Pela primeira vez, vou fechar um livro antes de o acabar. Não consigo lê-lo. Está demasiado denso. Com personagens em catadupa. Já perdi o fio à meada antes da página 100. Desisto oficialmente. Vai ficar no monte dos livros para ler e vou tentar pegar em algo mais leve.

Já alguma vez vos aconteceu isto? Pegar no livro e abandoná-lo, porque não conseguem simplesmente lê-lo?


sábado, 14 de março de 2009

O Quarto Protocolo

Acabei 'O Historiador'. É um bom livro para quem gostar de História e do mundo obscuro do sobrenatural. Como já tinha dito, é toda uma pesquisa sobre a vida-além-da-vida do Conde Drácula. Gostei muito e recomendo!

Agora agarrei no livro 'O Quarto Protocolo' de Frederick Forsyth. Mais um dos livros da colecção da revista Sábado.

Aparentemente, a acção decorre durante a Guerra Fria e o 'Quarto Protocolo' seria um acordo entre os dois blocos, que proibia a utilização de armas nucleares de forma não-convencional. Até que alguém quebra o acordo...

O autor, Frederick Forsyth, nasceu em Inglaterra, em Agosto de 1938. Estudou em Espanha, foi piloto da RAF (Royal Air Force - Força Aérea Inglesa) e jornalista da BBC.

Este livro foi adaptado ao cinema.

sábado, 28 de fevereiro de 2009

Depois do amor, vêm os vampiros!

'Devorei' o romance em três tempos... embrenhei-me na fantástica epopeia de Mary Broad e acabei agora mesmo de o ler.

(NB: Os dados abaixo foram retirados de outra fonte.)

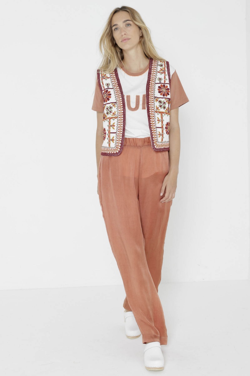 Maggie satin pants are the epitome of casual elegance. Their rustic color adds a touch of warmth to your wardrobe.

Agora, tenho na mesa-de-cabeceira, uma coisinha mais leve: O Historiador, de Elizabeth Kostova, publicado em 2005. Mais um dos livros da colecção da revista Sábado.

Sinopse:
Uma noite, já muito tarde, explorando a biblioteca do pai, uma jovem mulher encontra um livro antigo e um pacote de cartas amarelecidas agoirentamente destinadas ao "Meu querido e desgraçado sucessor". Este achado vai mergulhá-la num mundo com que nunca sonhou - um labirinto onde os segredos do passado do pai e o misterioso destino da mãe se ligam a um mal escondido nas profundezas da história.
Uma sociedade secreta numa luta de séculos contra a mais terrível encarnação do mal. A aventura de uma jovem mulher em busca da verdade sobre os seus pais e sobre o destino do homem que inspirou a lenda de Drácula.


Tenham medo, muitooooo medooooo!

terça-feira, 24 de fevereiro de 2009

No intervalo de um texto e outro...

... acabei de ler o 'Sexus', de Henry Miller, comecei e acabei o 'Breakfast at Tiffany's', também conhecido como 'Boneca de Luxo', de Truman Capote.

Comecei agora 'O Ano da Morte de Ricardo Reis', de José Saramago, e 'Nunca me Esqueças', de Lesley Pearse. Sim, consigo ler dois livros ao mesmo tempo. Já fiz a experiência várias vezes e nunca correu mal. Basta ter a consciência dos momentos e locais de cada um deles.

O 'Ano da Morte de Ricardo Reis' é o meu livro da manhã. Aquele que leio enquanto bebo o café, antes de ir trabalhar. É o livro das esplanadas.

O outro, um romance que uma amiga me ofereceu por ocasião do aniversário, é o livro de mesa-de-cabeceira. Aquele que leio antes de me render ao cansaço do dia.

Enfim... basta organizar a secretária! Boas leituras.